YOUR TASK: Once the line holding "Buy Ladies Turtleneck" is found in the entries below, transcribe exactly every line up to and including the one holding "Detailed close-up of", but leave out the pictures.

MATERIAL PROVIDED:
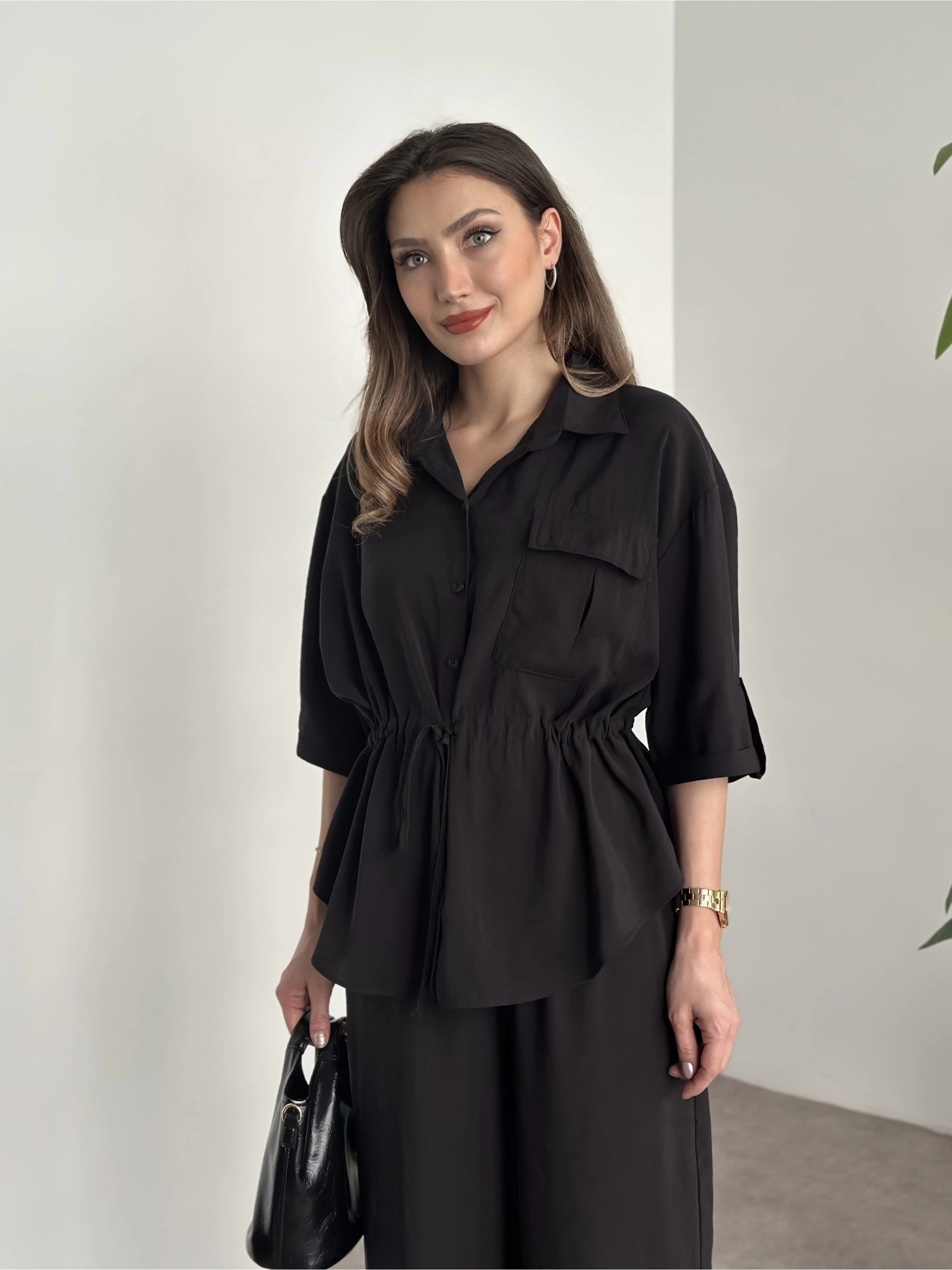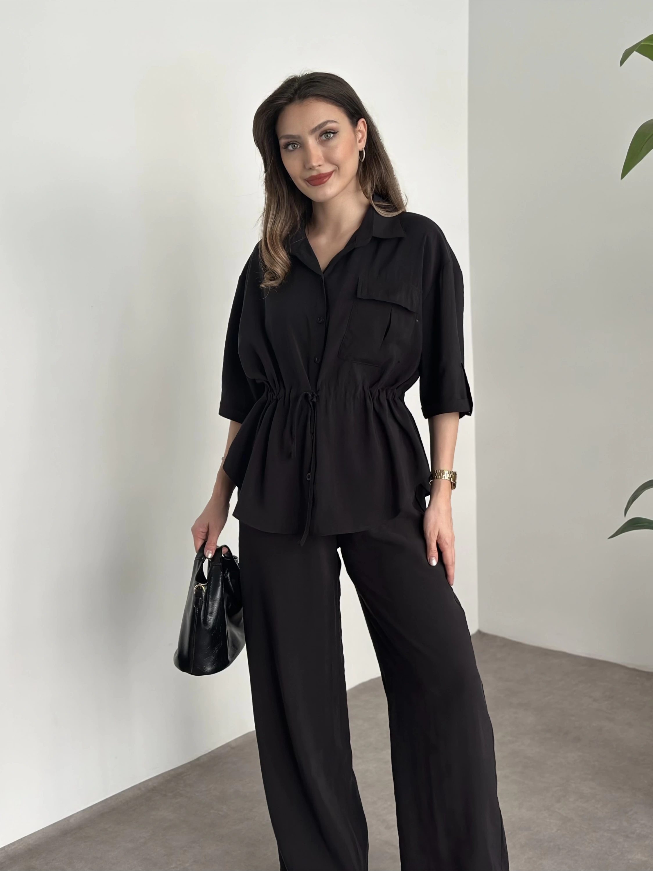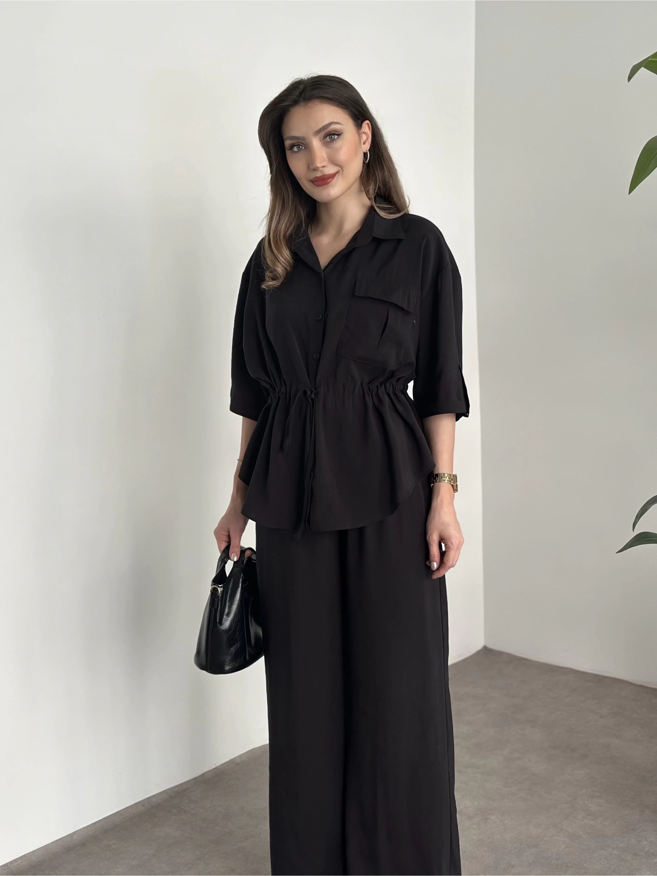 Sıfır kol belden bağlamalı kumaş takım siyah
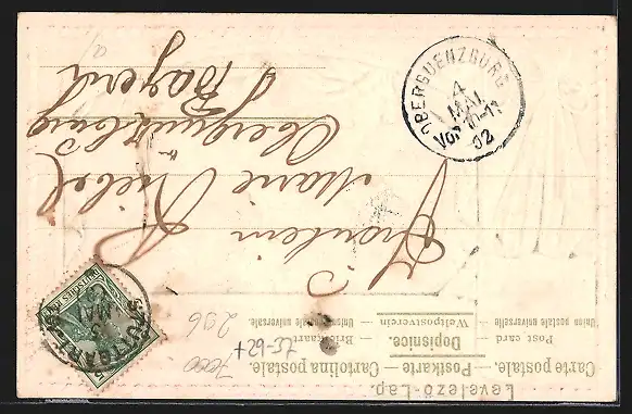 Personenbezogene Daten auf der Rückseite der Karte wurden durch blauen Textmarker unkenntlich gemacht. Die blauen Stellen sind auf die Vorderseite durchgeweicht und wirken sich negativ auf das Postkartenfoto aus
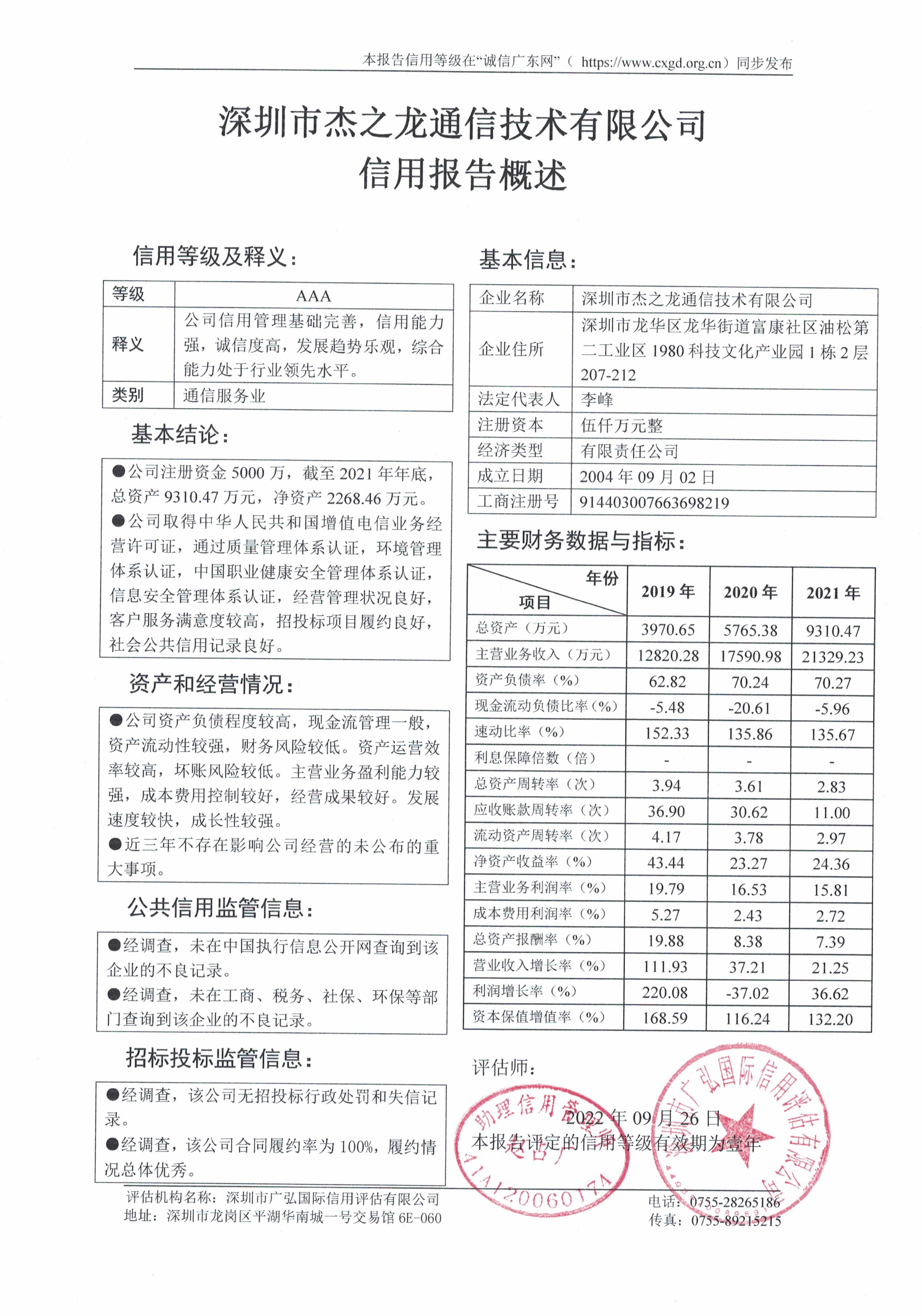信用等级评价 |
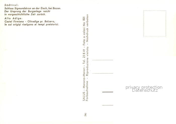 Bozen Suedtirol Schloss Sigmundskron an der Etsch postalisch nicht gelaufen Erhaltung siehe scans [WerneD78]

--

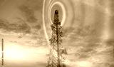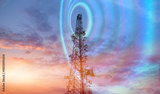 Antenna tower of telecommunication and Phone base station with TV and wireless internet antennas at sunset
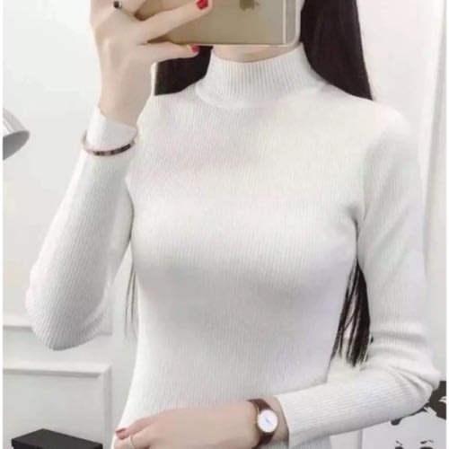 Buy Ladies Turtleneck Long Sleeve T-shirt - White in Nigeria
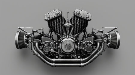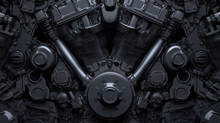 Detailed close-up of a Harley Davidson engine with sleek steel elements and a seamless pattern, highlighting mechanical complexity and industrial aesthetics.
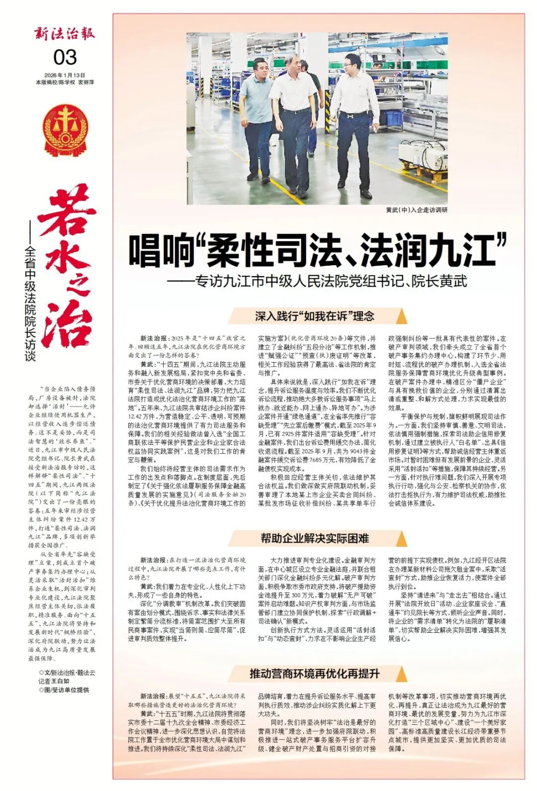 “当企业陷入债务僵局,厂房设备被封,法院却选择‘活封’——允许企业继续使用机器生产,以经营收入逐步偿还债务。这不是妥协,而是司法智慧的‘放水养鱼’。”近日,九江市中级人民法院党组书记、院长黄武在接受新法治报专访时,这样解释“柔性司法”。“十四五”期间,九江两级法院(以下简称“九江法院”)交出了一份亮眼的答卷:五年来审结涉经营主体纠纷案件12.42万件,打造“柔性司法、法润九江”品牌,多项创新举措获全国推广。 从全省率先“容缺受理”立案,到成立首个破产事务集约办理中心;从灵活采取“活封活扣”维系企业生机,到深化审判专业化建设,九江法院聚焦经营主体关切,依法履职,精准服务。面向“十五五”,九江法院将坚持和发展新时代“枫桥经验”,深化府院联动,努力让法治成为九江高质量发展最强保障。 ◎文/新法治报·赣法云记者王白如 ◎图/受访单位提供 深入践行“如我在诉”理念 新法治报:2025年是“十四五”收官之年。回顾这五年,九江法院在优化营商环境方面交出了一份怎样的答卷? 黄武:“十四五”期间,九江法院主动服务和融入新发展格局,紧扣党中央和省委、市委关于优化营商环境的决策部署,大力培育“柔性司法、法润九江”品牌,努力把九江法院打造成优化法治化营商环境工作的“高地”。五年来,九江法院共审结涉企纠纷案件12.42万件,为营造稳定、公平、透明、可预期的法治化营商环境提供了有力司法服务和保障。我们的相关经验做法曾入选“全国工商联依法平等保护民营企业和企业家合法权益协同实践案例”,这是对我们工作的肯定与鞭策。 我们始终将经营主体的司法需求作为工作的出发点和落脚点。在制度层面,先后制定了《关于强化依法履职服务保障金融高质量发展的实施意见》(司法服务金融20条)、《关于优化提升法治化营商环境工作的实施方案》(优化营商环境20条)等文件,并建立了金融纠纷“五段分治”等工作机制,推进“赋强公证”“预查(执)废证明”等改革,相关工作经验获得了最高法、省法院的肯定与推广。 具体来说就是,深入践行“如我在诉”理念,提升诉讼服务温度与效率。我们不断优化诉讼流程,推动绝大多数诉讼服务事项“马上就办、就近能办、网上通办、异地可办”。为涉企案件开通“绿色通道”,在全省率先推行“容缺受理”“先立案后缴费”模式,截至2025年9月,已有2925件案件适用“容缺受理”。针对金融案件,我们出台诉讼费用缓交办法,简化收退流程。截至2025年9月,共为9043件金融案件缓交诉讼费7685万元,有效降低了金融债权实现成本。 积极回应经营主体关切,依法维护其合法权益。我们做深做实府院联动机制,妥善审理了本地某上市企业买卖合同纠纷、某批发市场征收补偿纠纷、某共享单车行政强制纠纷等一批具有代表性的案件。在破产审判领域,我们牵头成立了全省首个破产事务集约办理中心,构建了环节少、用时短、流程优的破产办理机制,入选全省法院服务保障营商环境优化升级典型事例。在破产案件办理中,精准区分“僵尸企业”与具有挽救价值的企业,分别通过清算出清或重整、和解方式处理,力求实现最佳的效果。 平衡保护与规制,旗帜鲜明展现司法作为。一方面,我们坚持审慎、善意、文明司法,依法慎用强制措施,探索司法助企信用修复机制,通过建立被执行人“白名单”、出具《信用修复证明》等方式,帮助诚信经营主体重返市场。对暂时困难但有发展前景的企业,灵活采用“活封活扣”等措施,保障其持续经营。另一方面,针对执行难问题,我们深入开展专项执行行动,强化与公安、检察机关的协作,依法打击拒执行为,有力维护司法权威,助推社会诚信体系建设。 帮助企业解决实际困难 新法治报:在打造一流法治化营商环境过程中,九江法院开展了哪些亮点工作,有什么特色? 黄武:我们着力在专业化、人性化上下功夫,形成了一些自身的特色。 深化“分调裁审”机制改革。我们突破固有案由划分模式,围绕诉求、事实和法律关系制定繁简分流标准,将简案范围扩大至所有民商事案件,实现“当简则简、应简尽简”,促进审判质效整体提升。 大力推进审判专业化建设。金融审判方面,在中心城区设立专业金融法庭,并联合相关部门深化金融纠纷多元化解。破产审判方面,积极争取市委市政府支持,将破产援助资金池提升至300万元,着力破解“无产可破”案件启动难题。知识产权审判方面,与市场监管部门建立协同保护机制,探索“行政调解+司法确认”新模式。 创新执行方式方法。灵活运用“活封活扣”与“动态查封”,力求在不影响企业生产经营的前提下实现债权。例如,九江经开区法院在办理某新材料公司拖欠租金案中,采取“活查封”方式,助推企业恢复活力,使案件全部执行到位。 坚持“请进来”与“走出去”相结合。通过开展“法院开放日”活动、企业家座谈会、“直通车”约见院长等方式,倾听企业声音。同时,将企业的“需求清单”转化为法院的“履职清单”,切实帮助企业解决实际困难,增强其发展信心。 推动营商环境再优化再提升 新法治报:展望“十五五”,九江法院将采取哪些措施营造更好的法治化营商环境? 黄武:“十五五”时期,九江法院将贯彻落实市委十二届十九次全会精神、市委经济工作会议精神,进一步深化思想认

* * *

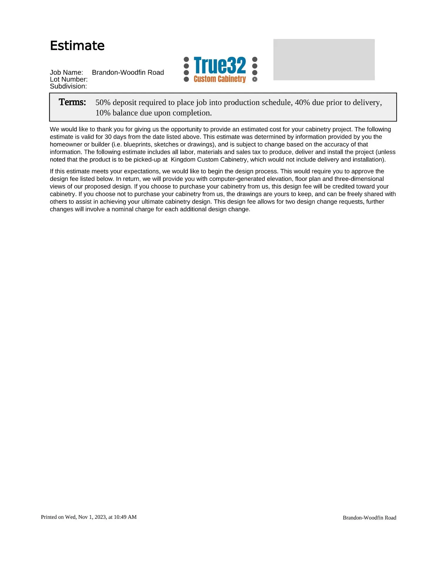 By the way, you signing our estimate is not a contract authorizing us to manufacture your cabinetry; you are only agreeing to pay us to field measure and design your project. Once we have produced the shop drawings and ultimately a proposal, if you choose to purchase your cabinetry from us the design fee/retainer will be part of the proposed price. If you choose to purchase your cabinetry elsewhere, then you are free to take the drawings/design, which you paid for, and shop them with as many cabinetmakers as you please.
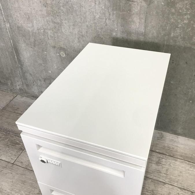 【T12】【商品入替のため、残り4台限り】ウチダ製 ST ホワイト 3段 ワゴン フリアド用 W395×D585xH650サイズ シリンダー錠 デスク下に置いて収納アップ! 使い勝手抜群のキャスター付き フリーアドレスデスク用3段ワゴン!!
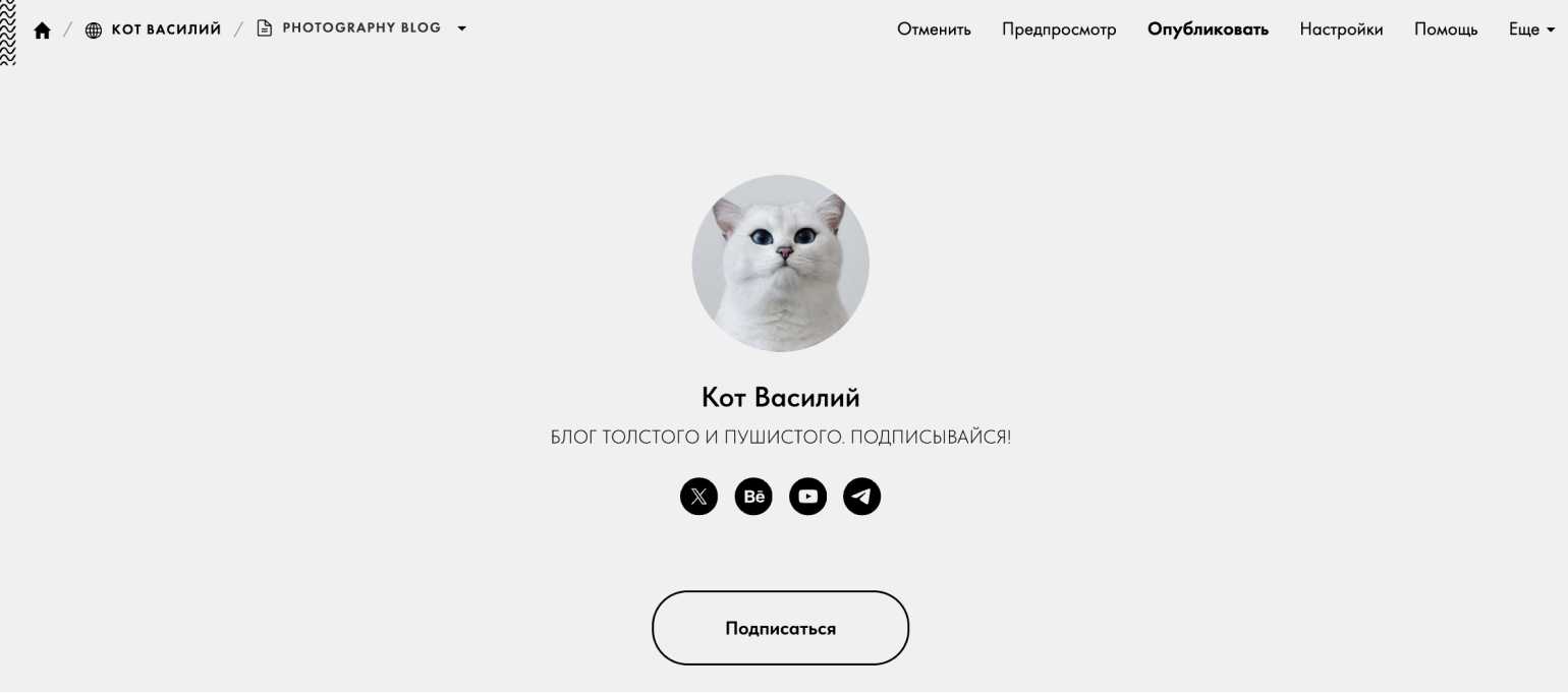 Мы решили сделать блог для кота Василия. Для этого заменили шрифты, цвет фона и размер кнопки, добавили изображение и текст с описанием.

RESPONSE TO THIS TASK:
 Buy Ladies Turtleneck Long Sleeve T-shirt - White in Nigeria
 Detailed close-up of a Harley Davidson engine with sleek steel elements and a seamless pattern, highlighting mechanical complexity and industrial aesthetics.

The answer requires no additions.